His path to unshaken faith is detailed at length in his
richly detailed, best-selling 1997 autobiography, Just as I Am, which
arrives in stores in a paperback edition (HarperCollins, $7.99) this
week.
But to meet Graham today is to encounter a man distilled to
the essence.
He has edited out the politics. Cuban embargo? "I have an
opinion but I won't say what it is," he teases, although he proclaims it
is "wonderful" that Pope John Paul II made the trip and opened doors for
faith. They both believe in stepping past critics into the regime of
communists and dictators to encourage the Christians caught behind
political walls.
Graham has arranged for politicians from North Korea and
China to attend the prayer breakfast for the first time, to witness what
it looks like when people are "free to choose faith."
He has edited out the hellfire. Says Graham: "I was too
emotional in my early years."
And he's not going to pass judgment on others when the
great judge awaits.
At 79, Graham says he is unafraid of death. Still, there
are some things he would have done differently.
"I should have studied more and prayed more and spent more
time with my family," he says.
He now tries to make up for lost time, lingering in comfy
blue jeans at his Montreat, N.C., home, walking, "praying every step of
the way" along the mountain ridge, and blessing the weddings of his
grandchildren.
He'll join his son, Franklin, the heir apparent in his
ministry, in an Albuquerque crusade in May, then preach at crusades in
Ottawa, Ontario, in June and in Tampa in October.
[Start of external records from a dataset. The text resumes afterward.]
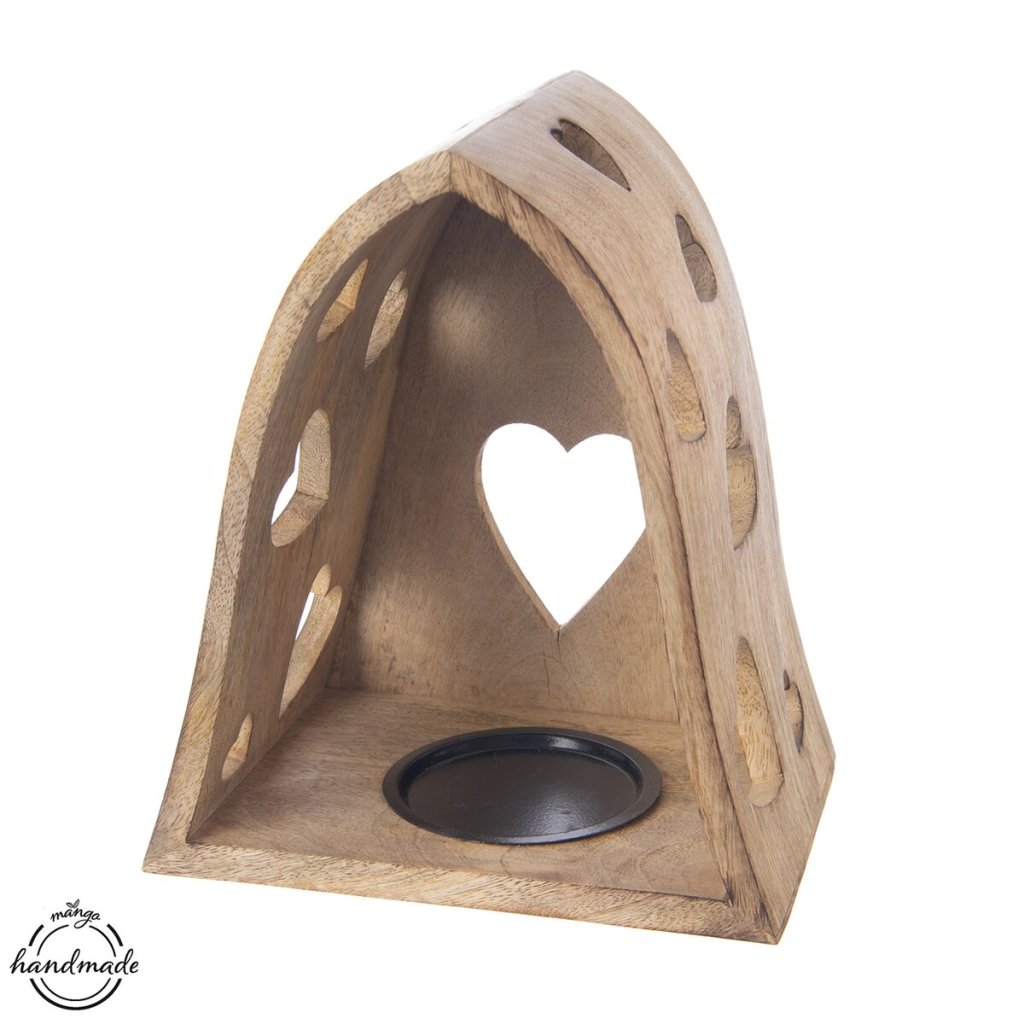 Sviečky majú od nepamäti silu vytvárať atmosféru pokoja, intimity a pohody. Tento drevený svietnik so srdiečkami vnáša do interiéru láskavé svetlo a originálny svetelný efekt. Vďaka výrezom v tvare sŕdc sa po zapálení sviečky premietajú krásne tiene, ktoré dodávajú priestoru jedinečný ráz.
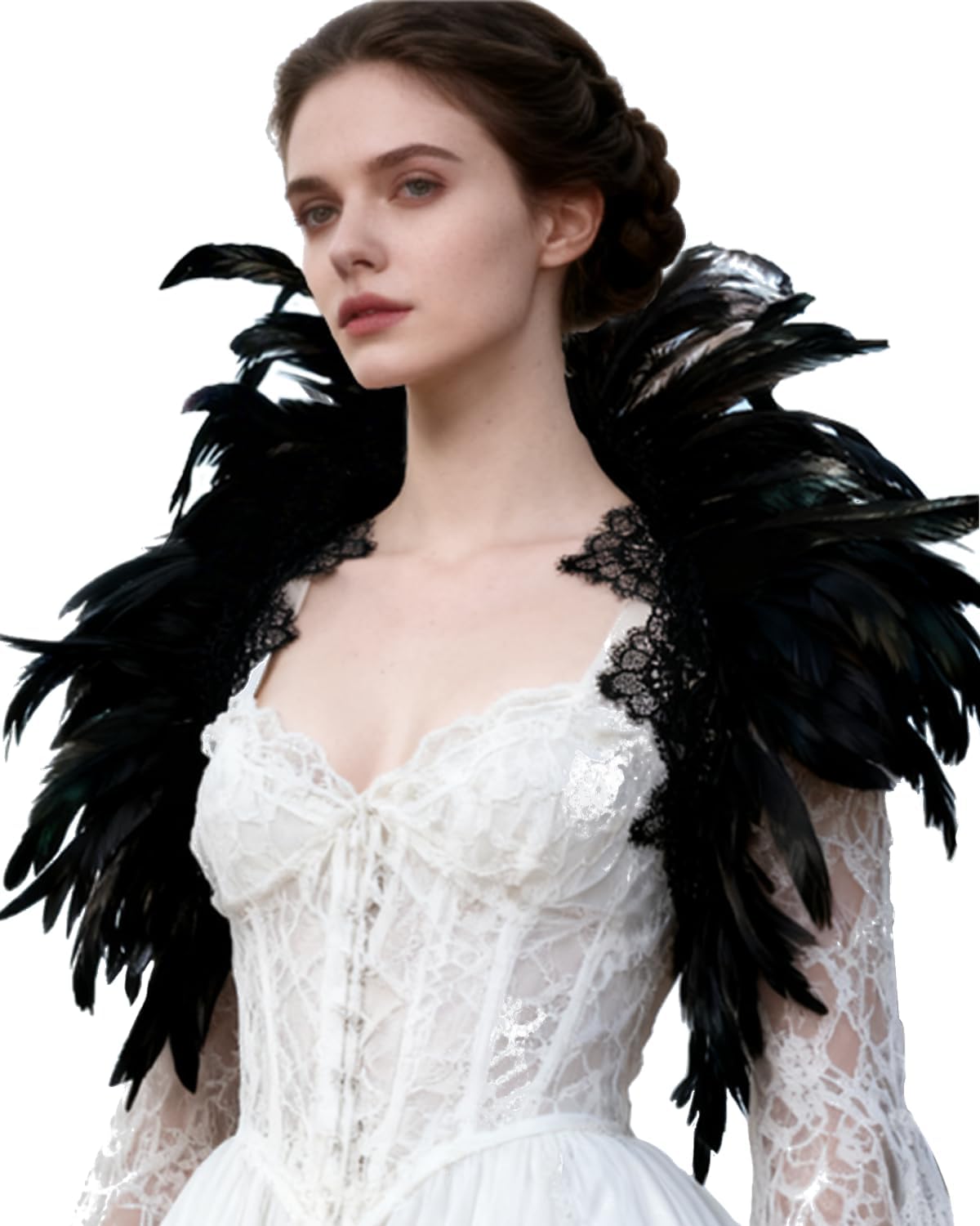ZAKIA Women's Black Real Feather Shrug Shawl Wrap Lace Collar Halloween Costume Scarf Feather Bow Cape
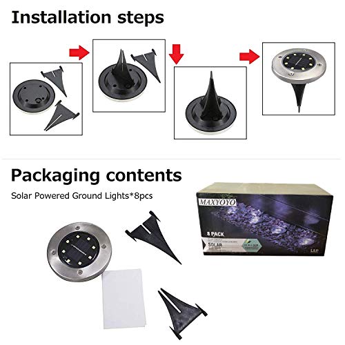 MAXYOYO, 8 luci da Giardino a 8 LED, alimentate a energia Solare, per Scale, Paesaggio, Strade, laghetti, aiuole, impermeabilità IP65, in Acciaio Inox con sensore di Luce, Bianco Caldo
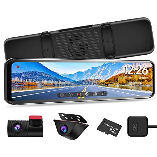 Changerドライブレコーダー ミラー型 前後カメラ【12インチ右ハンドル仕様】【12月最新版日本音声コントロール】ドライブレコーダー
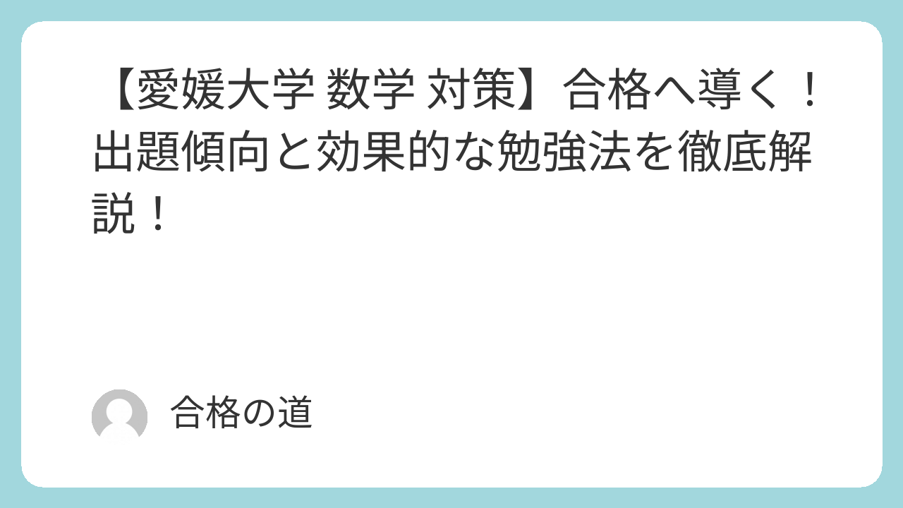 愛媛大学の数学で合格点を取るためには、標準的な問題で確実に得点し、丁寧な記述答案を作成する力が求められます。
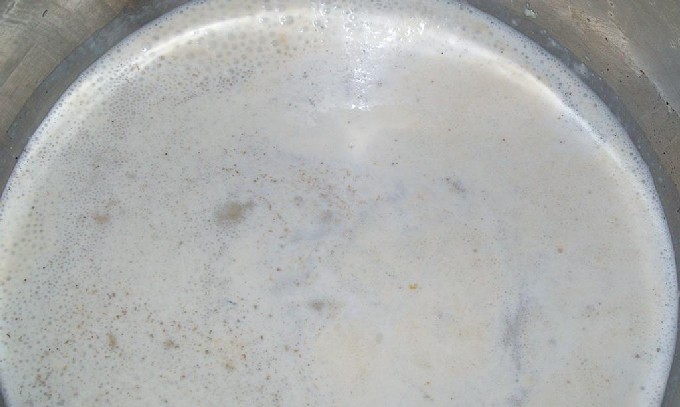 - Giet kefir op kamertemperatuur in een diepe, schone kom.
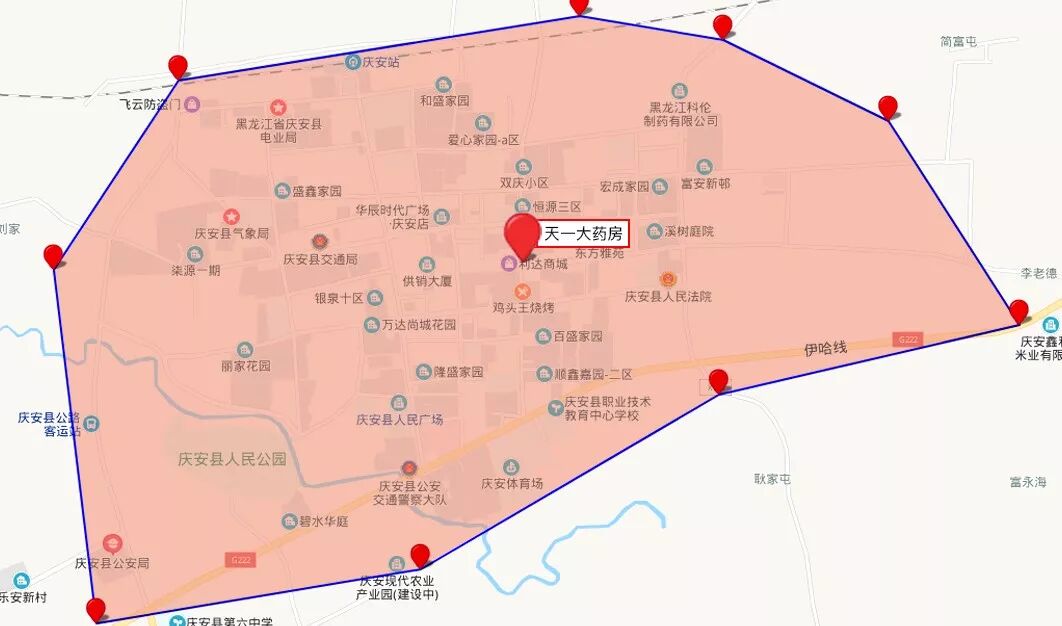 天一大药房门店覆盖周边三到五公里,基本实现了在庆安县城区的全覆盖。
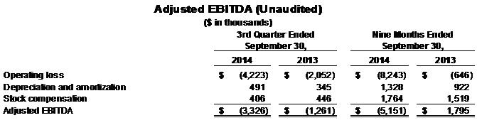 Liquidity and Cash Flow- Adjusted EBITDA (a non-GAAP measure defined in the release) for the third quarter of 2014 was $(3.3) million compared to $(1.3) million in the third quarter of 2013. Cash and cash equivalents at the end of the third quarter were $27.0 million, down $18.6 million from December 31, 2013 due primarily to investments in our strategic initiatives, including the acquisition of Asuragen assets, and increases in working capital requirements. The company estimates year-end 2014 cash of $21-$23 million including the acquisitions of Asuragen assets and RedPathas well as funding from the company’s financing agreement.
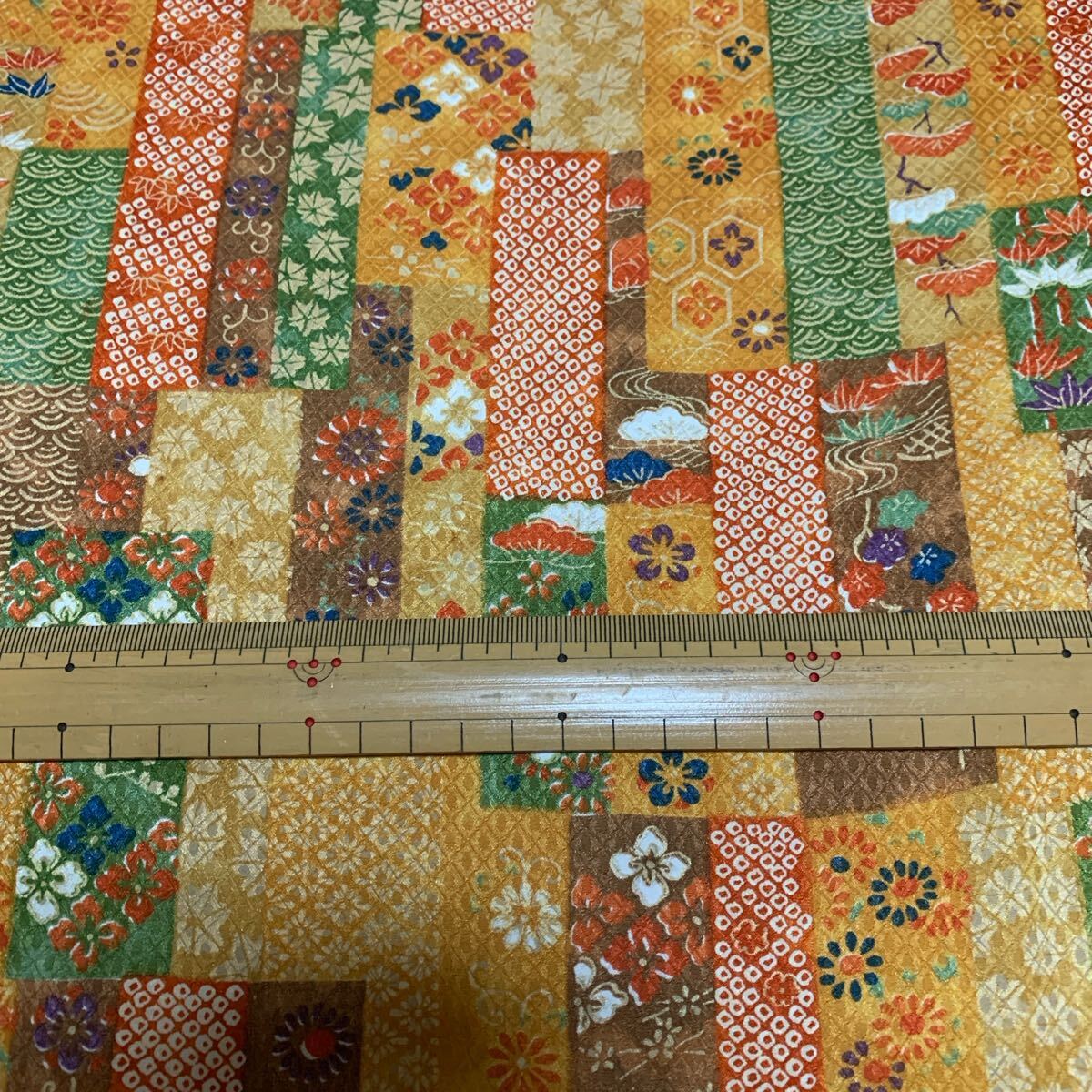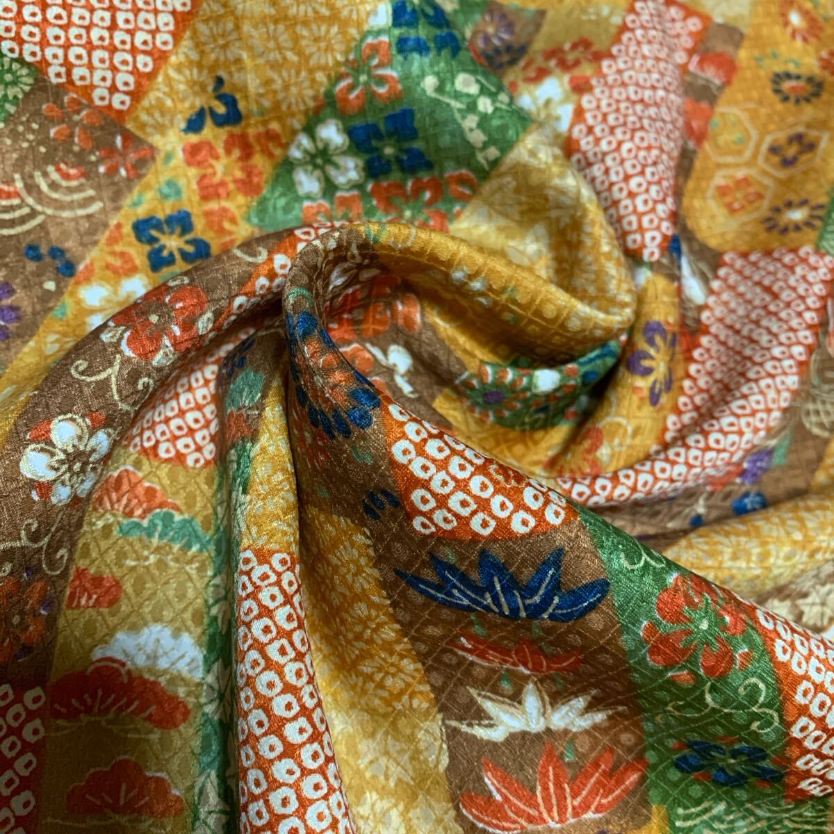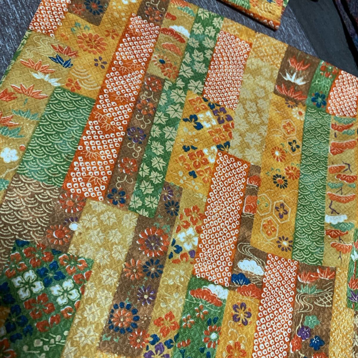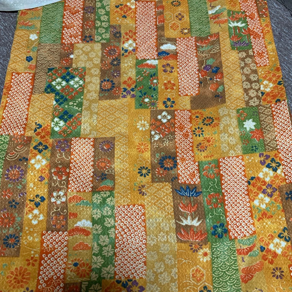 正絹 約35×170 オレンジ緑茶カラフル短冊繋ぎ 小花 古典文様 豪華 派手 かわいい 長め 多量

The highlights of those gatherings are often the youth
nights. Graham preaches to the young, to the restless new age seekers
outside the gates of denominational, institutional faiths. "I believe I
have found what they are searching for," he says.
When Graham reiterates "the truth and light of Jesus," his
sometimes soft voice takes on its old resonance. The movie-star
architecture of his 6-foot-3 frame and his craggy face radiate joy.
It's his job.
If he can no longer crusade around the globe, Graham can
still be a great witness, an exemplar of a faithful life.
"I'm not a judge, I'm a shepherd," he says, reluctant to
dwell on "a pedestal where I don't belong. . . . God judges on the basis
of faithfulness."
When names are called for crowns in heaven, they may not be
those who came from pulpits of power, he says.
They will be the nameless, hidden saints among us. "They
may not be called Christians. They just love God."